Tak kuasa melihat sang kekasih tak berdaya di hadapannya. Roro Mendutpun langsung mengambil pisau yang tertancap di bagian perut kekasihnya. Roro yang diperankan Ruri Nostalgia murka dan bertekad membalaskan apa yang telah Wiroguna lakukan terhadap kekasihnya. Perebutan pisau antara Roro dengan Wiroguna berlangsung beberapa detik. Sudah jatuh tertimpa tangga, pribahasa itulah yang menggambarkan kondisi Roro Mendut saat itu. Berniat untuk balas dendam, ternyata justru Rorolah yang menjadi korban. Ia pun mati bersama sang kekasih Pronocitro.

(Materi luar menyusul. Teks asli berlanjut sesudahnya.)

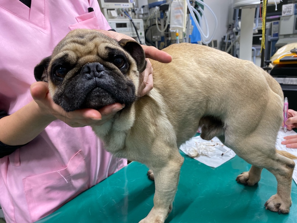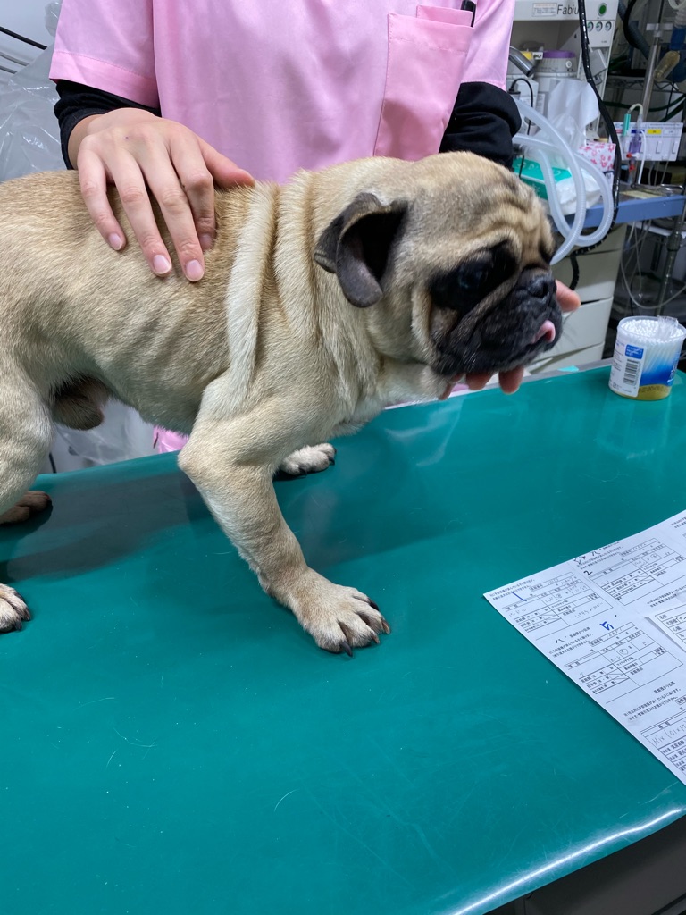 パグはガリガリ あばらが見えて居ます、

Lampu-lampu panggung mulai redup dibarengi dengan tepuk tangan para penonton yang menggema di gedung Teater Jakarta. Hal itu menandai berakhirnya pertunjukan teater yang berjudul Roro Mendut. Pentas yang berlangsung pada Selasa (4/11), bercerita tentang seorang gadis dari bangsa keraton yang ingin dijodohkan dengan seorang bangsawan, namun gadis tersebut menolak dan lebih memilih sang kekasih.
Sal Margianto selaku Kritikus Tari mengatakan, pertunjukan ini merupakan gabungan antar seni teater dengan seni tari. Menurutnya, kreatifitas dan wacana memang perlu diadakan dalam salah satu pertunjukan. “Dengan memelihara warisan terlebih tradisi tari merupakan hal yang perlu dikembangkan oleh remaja Indonesia ,” tuturnya, Selasa (4/11).
Selain itu Margianto menambahkan, acara ini merupakan salah satu pertunjukan untuk mengawali Indonesia Dance Festival (IDF). Sebuah festival tahunan yang diselenggarakan di beberapa tempat salah satunya di, Teater Jakarta, Taman Ismail Marzuki.
Sama halnya Margianto, penonton yang berasal dari Kota Bandung, Taksin Kurniawan tertarik dengan pentas Roro Mendut. Ia mengungkapkan pertunjukan ini sangatlah bagus, sebuah narasi diungkapkan dalam bentuk tembang (puisi yang dinyanyikan). “Sangatlah keren perpaduan visual dan art,” ujarnya, Selasa (4/11).